(1) Unless the articles
of incorporation or bylaws require a greater or lesser number, a
quorum of a board of directors consists of a majority of the
number of directors specified in or fixed in accordance with the
articles of incorporation or bylaws.
(2) Notwithstanding subsection (1) of this section, a quorum
of a board of directors may in no event be less than one-third of
the number of directors specified in or fixed in accordance with
the articles of incorporation or bylaws.
(3) If a quorum is present when a vote is taken, the
affirmative vote of a majority of directors present is the act of
the board of directors unless the articles of incorporation or
bylaws require the vote of a greater number of directors.

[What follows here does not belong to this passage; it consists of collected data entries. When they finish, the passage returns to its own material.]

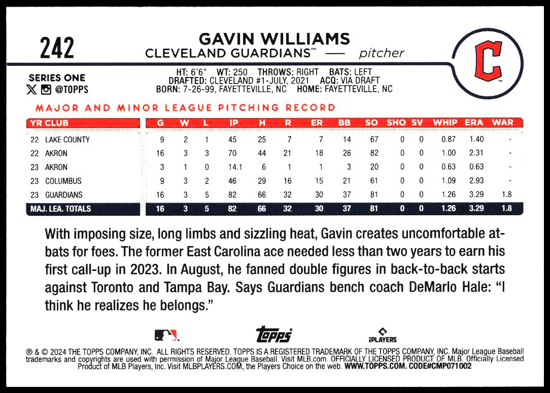 2024 Topps Series 1 Gavin Williams #242
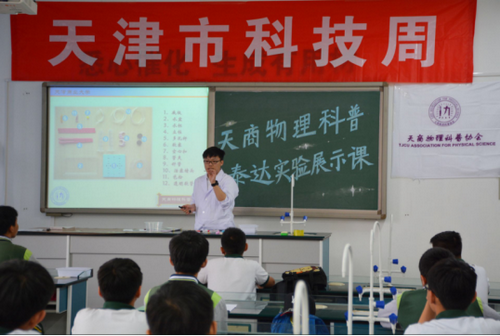5月21日下午,理学院下设的“星空物理科普协会”学生社团举办校外“科普实验展示”活动。协会成员们走进红桥区泰达实验中学,为七、八年级的中学生们讲授了一堂与众不同的展示课。
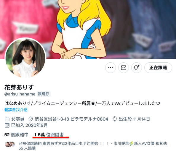 先別說有沒有比其他女優更漂亮或更能幹了,花芽ありす(花芽有朱)光是人氣就讓人擔心了ー別看她不到一個月就完成了twitter追蹤一萬人,從去年7月完成目標到現在你看看她增加了多少粉絲?

(4) A director who is present at a meeting of the board of
directors when corporate action is approved is deemed to have
assented to the corporate action unless: (a) The director
objects at the beginning of the meeting, or promptly upon the
director's arrival, to holding it or transacting business at the
meeting; (b) the director's dissent or abstention as to the
corporate action is entered in the minutes of the meeting; or (c)
the director delivers notice of the director's dissent or
abstention as to the corporate action to the presiding officer of
the meeting before adjournment or to the corporation within a
reasonable time after adjournment of the meeting. The right of
dissent or abstention is not available to a director who votes in
favor of the corporate action.
[2009 c 189 § 26; 2002 c 297 § 31; 1991 c 72 § 35; 1989 c 165 § 95.]